# Lake Milton crappie



## Migr9fish (Mar 29, 2017)

Anybody know if they are catching crappies on docks yet?


----------



## Migr9fish (Mar 29, 2017)

Went out yesterday and fished from 4 to 7 on docks caught 3 small crappies, 1 smallmouth, 1 big blue fill and a channel cat


----------



## Timothy A Wolbert (Apr 3, 2016)

Is milton summer pool now?


----------



## Migr9fish (Mar 29, 2017)

Yes it is


----------



## Captain Marcus (Apr 3, 2017)




----------



## Migr9fish (Mar 29, 2017)

Nice catch! Where did you get them crappies


----------



## KrappieKyle (Apr 1, 2017)

Where is a good spot on nimi, never been there but I want to give it a shot because it is not to far away


----------



## Migr9fish (Mar 29, 2017)

Don't know haven't fish there. But all I heard of the lake is it's good. Happy fishing.


----------



## snag (Dec 27, 2005)

KrappieKyle said:


> Where is a good spot on nimi, never been there but I want to give it a shot because it is not to far away



If you go up a few posts you will see the Nimi post about the crappie fishing, been going on a long time , you should get plenty of info in that.


----------



## brad crappie (Sep 29, 2015)

Captain Marcus said:


> View attachment 234471


That's not Milton bud!


----------



## heidlers (May 24, 2010)

Not an expert,but fish Milton enough to question your pic? Agree with brad crappie.
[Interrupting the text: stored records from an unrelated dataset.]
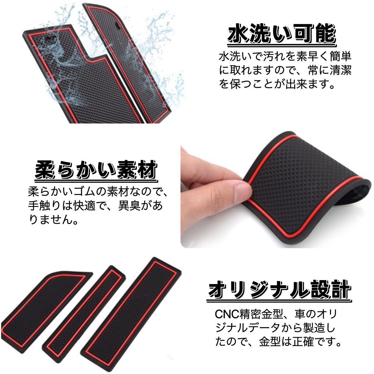 ・車を守る:柔らかい滑り止めゴムマットで、車の振動を吸収し、車をキズから守るだけでなく、運転中で小物の滑りによる雑音を軽減します。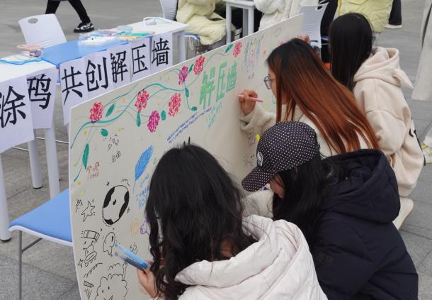 为切实关注大学生心理健康,缓解学业、社交等多重压力,营造积极健康的校园氛围,12月4日,领英心理咨询与治疗团队联合心理与社会学院女工部,于大学生活动中心广场开展“心灵赋能焕活力,思想引领向未来”心理健康主题日活动,为全校学子搭建起释放压力、悦纳自我的心理关怀平台,吸引众多学生踊跃参与。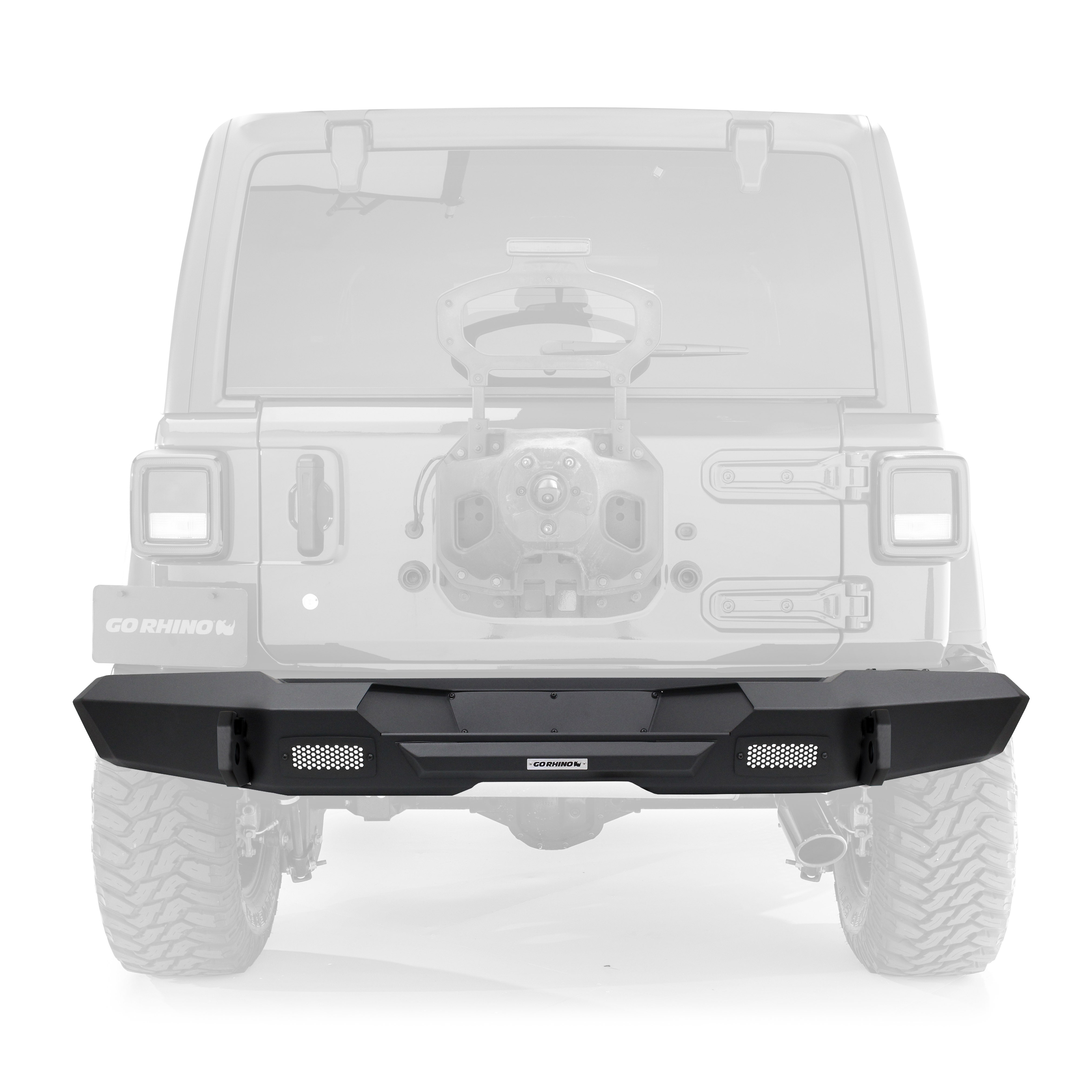 Full featured full width bumper installs quickly and easily Full width bumper features wide corner end caps Wide corners provide safe step area when accessing roof racks-perfect for overlanding and camping Compatible with factory hitch Allows for installation of two clearance compatible flush-mount lights. Compatible with Go Rhino Lift Assist Tire Carrier 1"" Thick steel shackle mounts with patented signature rhino horn tow hook Center Step Area for enhanced vehicle access and to allow use of larger spare tires Black Powdercoated Finish

Having said that, I did fish it recently. Water level was above summer pool and very muddy everywhere. Didn't help the wind was blowing 20+. Was a tough day out there.


----------



## KrappieKyle (Apr 1, 2017)

snag said:


> If you go up a few posts you will see the Nimi post about the crappie fishing, been going on a long time , you should get plenty of info in that.


Thanks


----------



## Captain Marcus (Apr 3, 2017)

I never said I was at Milton April fools. Private pond


----------



## Migr9fish (Mar 29, 2017)

Caught a few on docks at Milton today


----------



## Migr9fish (Mar 29, 2017)

Caught them on 1/16 pink jig head and minnow in 10fow right on bottom.


----------